BMJ: doctors lose powers to regulate their profession

British Medical Journal: 24 February 2007

by Clare Dyer, legal correspondent


The General Medical Council will lose the right to decide whether doctors’ misconduct makes them unfit to practise in the biggest shake-up of medical regulation in the United Kingdom for 100 years.

The GMC will continue to set standards and investigate allegations of serious misconduct by doctors, but the right to adjudicate will pass to a separate body, probably an independent tribunal with legal, lay, and medical members.

The reform is outlined in a white paper on the regulation of doctors issued this week by the Department of Health. The paper envisages a smaller GMC, with equal numbers of lay and medical members, ending the era of professionally led regulation. Members of the GMC and the other health professions’ regulatory councils will be independently appointed by the Appointments Commission "to dispel the perception that councils are overly sympathetic to the professionals they regulate."

The GMC will have statutory responsibility for the oversight of education.
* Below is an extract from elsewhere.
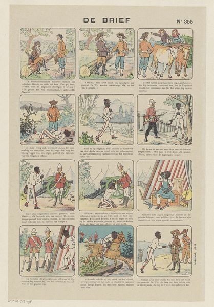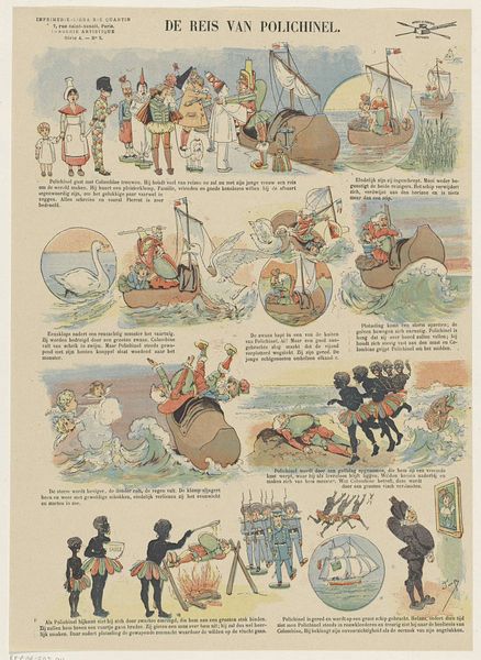 Curator: This is "Coco, de goede aap," or "Coco, the good ape," a print dating from around 1902, made by an artist known as Camouche. Editor: It looks like an early comic strip! Each scene feels like a little snapshot, playful and bright despite some questionable imagery, it gives me a kind of wistful feeling. Curator: Considering the materiality, this print would have been produced for mass consumption, a reflection of the increasing accessibility of visual narratives at the turn of the century. The artist's labor and the printing process itself become part of the artwork's story, reaching a wider audience than a traditional painting might. Editor: It certainly tells a story. You see Coco, who appears to be an indigenous person referred to as an "ape," interacting with a European sailor, often in scenarios that seem…well, complicated by colonial power dynamics. It's hard to ignore those societal implications shaping the art. Curator: Precisely. We can consider how such images reinforced social hierarchies. These works were commonly found in public spaces, influencing attitudes and potentially perpetuating stereotypes. Think about the politics of visual representation here, the role it played in shaping perceptions of otherness. Editor: I wonder about Camouche's intent, though. Was it simply reflective of prevailing views, or did the artist have any critical perspective? Regardless, its role as an artefact speaks to the complex, often troubling history embedded in popular imagery. The very process of printing these and their circulation adds layers to this narrative. Curator: Absolutely, these aren't just illustrations, they're social documents. Examining them lets us analyze how colonial power infiltrated even seemingly innocent forms of entertainment. Editor: Seeing this brings the impact of social narratives through artistic expression sharply into focus, no matter how subtly crafted. Curator: For me, seeing art as labor helps in looking beyond aesthetics, urging a discussion around production, the dissemination of ideas, and the hands that shape them.

GMC boards will cover undergraduate education and continuing professional development, and the Postgraduate Medical Education and Training Board will continue as the third. This arrangement will be reviewed in 2011 to see if "further integration is desirable."

Under the reforms, which build on Good Doctors, Safer Patients, a review in July 2006 by Liam Donaldson, the chief medical officer for England, doctors will have their skills and competence checked every five years. Doctors who fail the revalidation process will be expected to take further training.

The loss of the GMC’s role as adjudicator was accepted by the royal colleges and by the GMC itself. Graeme Catto, its president, cited "the difficulty of being seen or perceived to act as judge and jury." The council will also gain the right to appeal decisions that it regards as too lenient.

Most controversial for doctors is the proposed move from the criminal standard of proof-beyond reasonable doubt-to the lower civil standard-on the balance of probabilities- in fitness to practise cases.

The civil standard would operate on a sliding scale, with stronger evidence needed in the most serious cases, so the standard would be virtually indistinguishable from the criminal standard were a doctor’s livelihood threatened, the white paper said.

The move to a lower standard of proof was strongly opposed by the BMA and by doctors’ defence organisations the Medical Defence Union and the Medical Protection Society. Hugh Stewart, medicolegal adviser at the Medical Defence Union, said, "We are sceptical about the suggestion in the white paper that in some cases, the ‘sliding civil standard’ is virtually indistinguishable from the criminal standard. When a doctor’s whole career and livelihood is at stake, the allegations should be tested against the highest standard of proof."

The chairman of the BMA, James Johnson, said, "If a sliding scale of proof is to be introduced there must be a guarantee that for the most serious cases nothing less than proof beyond reasonable doubt will be employed."

Mr Johnson said that the proposals in the white paper as a whole "could lead to a climate of defensive medicine in which doctors are forever looking over their shoulders instead of concentrating on working in the best interest of their patients. Our concern is that under these white paper proposals, a doctor’s ability to continue working in this way, without fear of falling foul of political imperatives, will be jeopardised. "

The government published with the white paper its responses to a series of inquiries into medical scandals – involving the serial killer GP Harold Shipman; the bungling gynaecologist Richard Neale; and three doctors who were found guilty of sex abuse of patients over many years (Clifford Ayling, William Kerr, and Michael Haslam).

The proposals include better support for patients who register concerns, coordination of information from different sources, and more rigorous checks on references and qualifications when health professionals are recruited. A regional network of "GMC affiliates" would provide advice, support, and guidance to employers on local investigations and action to tackle concerns about doctors.

Rules to tighten the process surrounding death certification will also be introduced. Death certificates will be subject to independent scrutiny by medical examiners in hospitals and primary care trusts.

Ian Gilmore, president of the Royal College of Physicians, welcomed the white paper. He said, "Patients need to know that their doctor can treat them safely and to a high clinical standard-the new national framework will give both doctors and patients more confidence in the regulatory system."

The Department of Health said that proposals for the development of standards and testing methods for revalidation and secondary legislation to change the governance of the regulatory bodies would be implemented immediately. Changes which need primary legislation, such as setting up GMC affiliates and independent adjudication for fitness to practise cases will be allocated the earliest possible parliamentary time."

The three papers – Trust, Assurance and Safety:the Regulation of Health Professionals in the 21st Century; Learning from Tragedy: Keeping Patients Safe; and Safeguarding Patients – are available at www.dh.gov.uk.